Fanno ubriacare una ragazza di 15 anni: lei finisce in ospedale, loro denunciati
Menaggio Quattro ragazzi sotto accusa: non hanno allertato i soccorsi quando la giovane è collassata. Si conclude in Procura la notte folle di un gruppo di giovanissimi alla vigilia della festa per il 2 Giugno
Lettura 1 min.Menaggio
Quando gli agenti di Polizia locale sono arrivati in piazza e hanno trovato una quindicenne a terra, semicosciente, sulla soglia del coma etilico a causa dell’alcol ingerito, hanno chiesto al gruppetto di ragazzi vicino a lei se la conoscevano. O se sapevano cosa le fosse accaduto. E per tutta risposta loro hanno negato.
Due settimane dopo si ritrovano tutti quanti sotto accusa. Si tratta di un neodiciottenne indagato dalla Procura di Como, e altri tre minorenni, sulle cui sorti è chiamato a pronunciarsi il Tribunale per i minori di Milano. Secondo i Carabinieri di Menaggio, che hanno indagato a partire dalla segnalazione dei colleghi della Polizia locale, i quattro avrebbero costretto la ragazza a ubriacarsi e, una volta collassata a terra, non hanno chiamato i soccorsi. Anzi.
L’allarme
La vicenda risale alla notte della vigilia della Festa della Repubblica, tra l’1 e il 2 giugno scorsi. Quando gli uomini della locale sono intervenuti nel vie centrali di Menaggio su segnalazione di alcuni residenti, che avevano segnalato un gruppetto di ragazzi protagonista di schiamazzi, urla e lancio di bottiglie di vetro in mezzo alla strada.

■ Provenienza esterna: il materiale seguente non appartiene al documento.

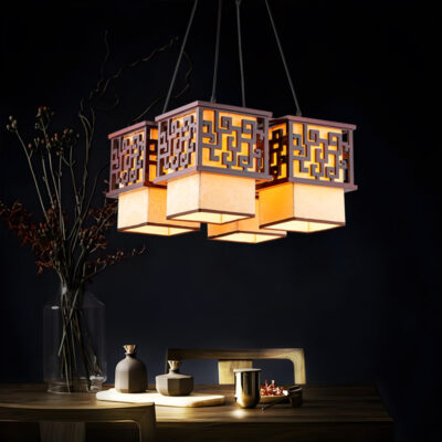 Đèn thả trần trang trí thủ công bằng gỗ mỹ nghệ THVRG86023

All’arrivo degli agenti, a terra c’era una ragazzina di 15 anni. Semicosciente, incapace di proferir parola. Quando i soccorritori di Areu sono arrivati e l’hanno trovato in quelle condizioni, l’hanno immediatamente caricata sull’ambulanza e trasportata d’urgenza fino all’ospedale di Gravedona ed Uniti. Fortunatamente la ragazza non è finita in coma etilico. E dopo alcune ore trascorse in osservazione, ha potuto far ritorno a casa sua.
L’inchiesta
Sulla vicenda hanno cominciato a investigare i Carabinieri di Menaggio, che hanno poi inviato l’intero fascicolo in Procura. Grazie all’analisi delle telecamere comunali puntate sul centro del paese, gli inquirenti sono riusciti a ricostruire quanto accaduto.
I quattro giovanissimi hanno avvicinato la quindicenne, che già aveva bevuto, a - secondo l’accusa - l’hanno costretta a bere dei superalcolici che loro avevano con sé. La ragazza non sarebbe in alcun modo riuscita a opporre resistenza alla logica del branco. Fino a quando, all’improvviso, è letteralmente crollata a terra. Ma anche di fronte alla vittima dei loro “scherzi” praticamente incapace di reagire, i quattro hanno pensato di chiamare i soccorsi.
Le accuse nei loro confronti sono pesanti, proprio perché i reati ipotizzati sarebbero stati commessi ai danni di una giovane di soli quindici anni. Sono tutti quanti accusati di omissione di soccorso, di aver provocato uno stato di incapacità mediante somministrazione di sostanze alcooliche, di aver causato uno stato di ubriachezza ad altri e del lancio delle bottiglie.